After the He-Man craze died out, Mattel was no longer the forerunner of the toy industry. Instead, a new franchise swept the market, introducing silly anthropomorphic creatures to the public. With the rising popularity of creative, outlandish toys, Mattel decided to experiment and create a new unique toy line, the Food Fighters, in 1988.
While most toy lines featured fantasy creatures, mutated animals, and other living creatures, Mattel decided to focus on keystone pieces of the American diet. These toys did not lie about presenting combat at its kookiest. With the Food Fighters, they reenvisioned one of the most iconic parts of childhood, the food fight. Mattel’s Food Fighters presented a war between two delectable groups: the Kitchen Commandos and the Refrigerator Rejects.

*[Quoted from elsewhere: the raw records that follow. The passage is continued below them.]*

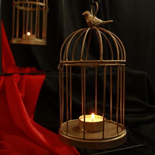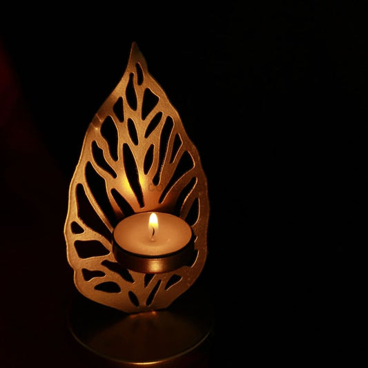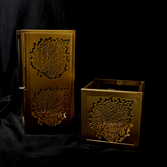 Antique Gold - Leaf Print Candle Holder Lantern (Set of 2)
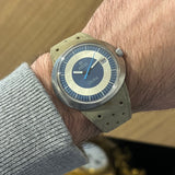 Diameter 41 mm. Thickness 11 mm. Stainless steel case. Blue and white dial without numerals. Plexiglass crystal. Automatic movement. Caliber 565. Solid stainless steel case back. Original beige Omega leather strap. Steel pin buckle with Omega emblem.
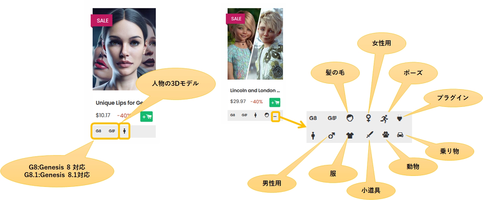 | 衣装 | 衣装については 表記のバリエーションが多く、なかなか検索しづらいですが、 “Ware Genesis 8″ 、”Dress Genesis 8” など、思いつく英語で検索するとたくさんヒットします。 |
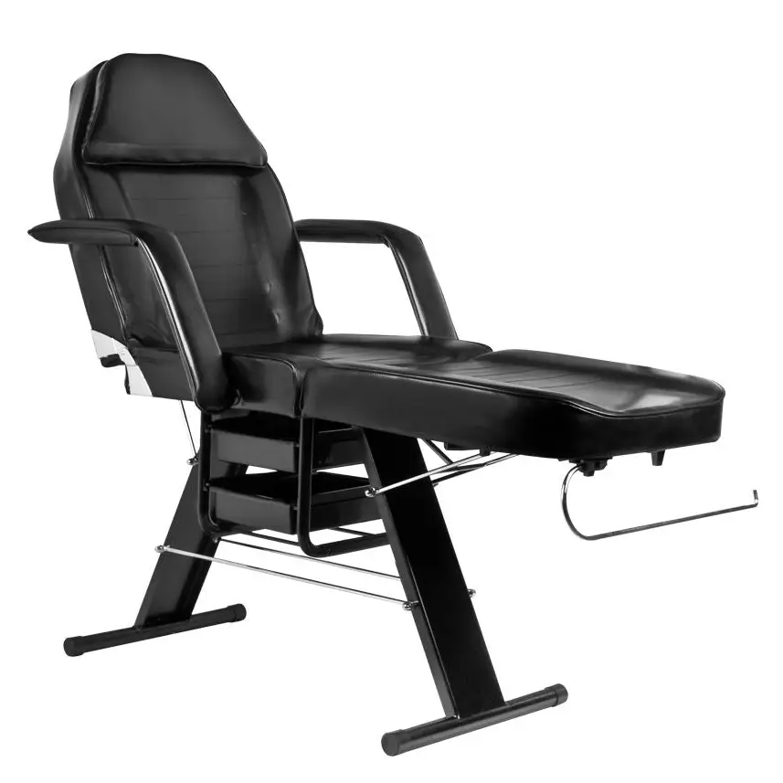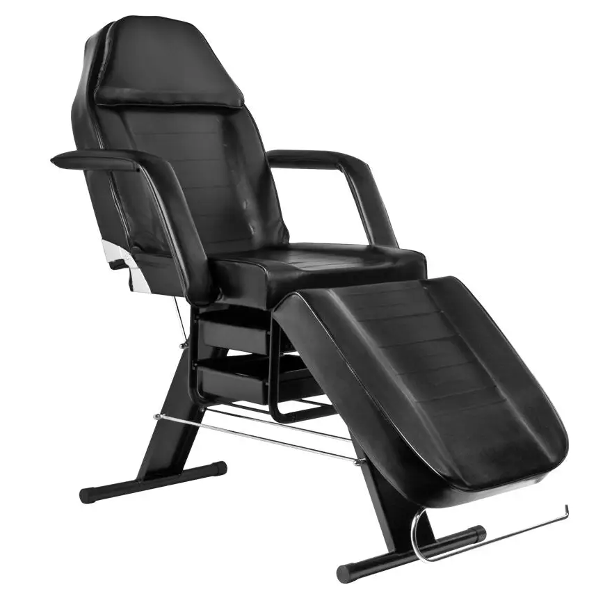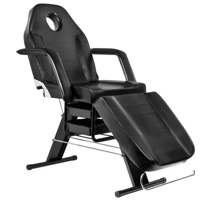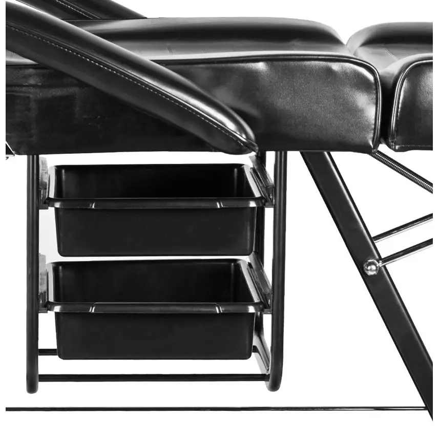 Die Kosmetikliege A-202 mit einem Gesichtsausschnitt in der Kopfstütze und mit praktischen Aufbewahrungsladen. Sie ist ideal für Kosmetik, für vorteilhafte Gestaltung des Gesichts mit Make-up oder für Massage geeignet. Sie verfügt über Armlehnen und über einen Gesichtsausschnitt in der Kopfstütze, der bei Nichtgebrauch abgedeckt werden kann. Die Bespannung der Kosmetikliege ist leicht zu reinigen, aus dem Ökoleder hergestellt, erfüllt die strengen EU-Anforderungen, ist ästhetisch und besitzt vernickelte Metallteile. Unter dem Sitz ist ein Bügel für Einwegbetttuch, Servietten oder Handtuch befestigt. Die Liege ist in Schwarz erhältlich.
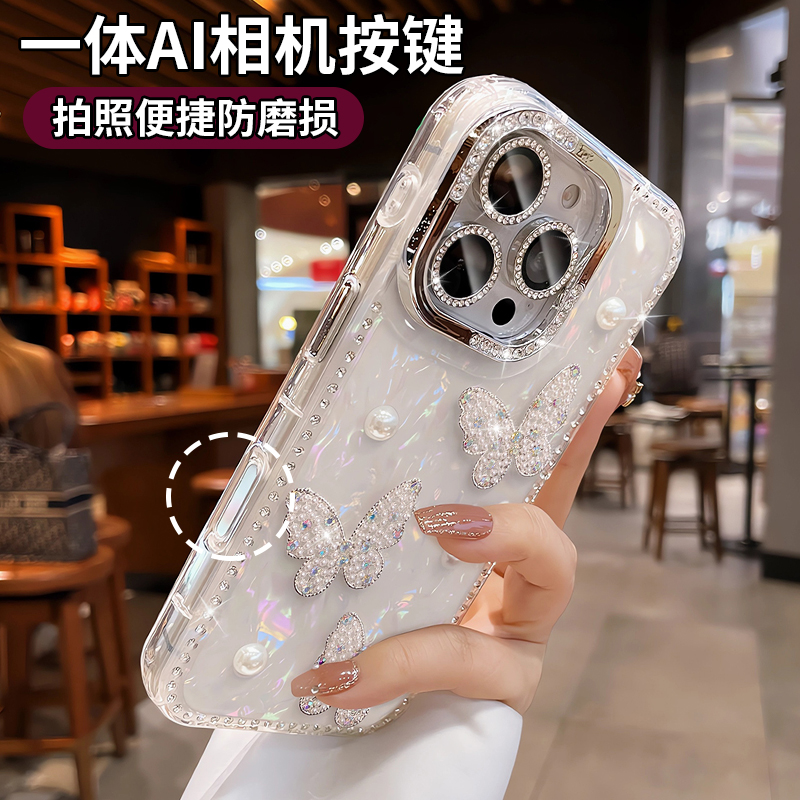 适用苹果16promax手机壳iphone15新款水钻镜头膜14pm珍珠蝴蝶贝壳纹13气囊防摔12相机按键全包高级好看外壳女
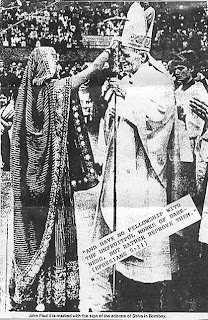 Em 1998 outra noticia: O Papa João Paulo II permitiu que uma sacerdotisa hindu fizesse a tradicional marca de Shiva (ou Xiva) em sua fronte. Logicamente, esse evento chama a atenção de qualquer pessoa que creia nas profecias bíblicas. No livro do Apocalipse, o Falso Profeta, o líder da nova religião global do Anticristo, faz os habitantes do mundo aceitar uma marca, ou na fronte, ou na mão direita. Portanto, é um fato importante quando uma sacerdotisa pagã faz uma marca na fronte do Papa!

The heroes of this toy line were the Kitchen Commandos, who wore green sleeves with back boots. Leading this group into battle was the Burgerdier General, who resembled a standard hamburger. Under him were Major Munch the chocolate donut, Sergeant Scoop the double-scoop ice cream cone, Private Pizza the slice of pizza, and Lieutenant Legg the fried chicken leg.
The Kitchen Commandos heroically defended the kitchen against the Refrigerator Rejects, who wore black sleeves with brown boots. Unlike the Commandos, this team did not have a General leading the charge. Instead, there were multiple foods ready to cause trouble. The Refrigerator Rejects had Short Stack the stack of pancakes, Mean Weener the hot dog, Chip-the-Ripper the chocolate chip cookie, Fat Frenchy the carton of French fries, and Taco Terror the taco.
Mattel produced four different variant colors for the Food Fighters action figures. While the standard Sergeant scope was a vanilla and chocolate scoop cone, there was a variant with a green and orange sherbet theme. There was also a Major Munch that had a pink frosting paint job. Chip-the-Ripper also received a variant form, which resembled a double chocolate chip cookie. They also released a Short Stack with blueberry syrup instead of maple syrup.
Completing the toy line were three different vehicles that the Food Fighters could take into combat. Mattel designed two vehicles for the Kitchen Commandos. First, there was the Combat Carton, which reenvisioned an egg carton as a battle tank. Then, there was the Fry Copter, a hodgepodge of cooking utensils. While a pot served as the main body of the helicopter, spatulas were used as the propellers and it had hot dog links for landing gear. It also used tomato soup cans as bombs.
Meanwhile, the Refrigerator Rejects only had one vehicle, the BBQ Bomber. This vehicle resembled a BBQ grill that could carry one of these rotten Food Fighters into battle. This evil assault vehicle sent shish kabobs flying as ammunition. It also carried two hot dogs at its sides and had a spatula that could fling more food at the Commandos.
Mattel released the Food Fighters on colorful card backs, which featured character bios on the back of each card. The enclosed Food Fighters action figures were made of soft vinyl plastics, which could easily be squeezed. Each figure then came with two accessories: a weapon and a backpack.
Mattel had planned a refrigerator playset, but the toy line was canceled before the product was ready for release. This massive playset was briefly seen in Mattel’s 1989 Toy Catalog. While it never went into production, a fan-led initiative by Bamm Toyco created an unofficial recreation using 3-D printing technology.
Unfortunately, the Food Fighters did not receive any multimedia promotions, aside from animated commercials. Without any additional support and their whacky premise, the Food Fighters did not survive past their first series. Likewise, there are no signs that the Food Fighters will ever be revived and returned to the toy aisle.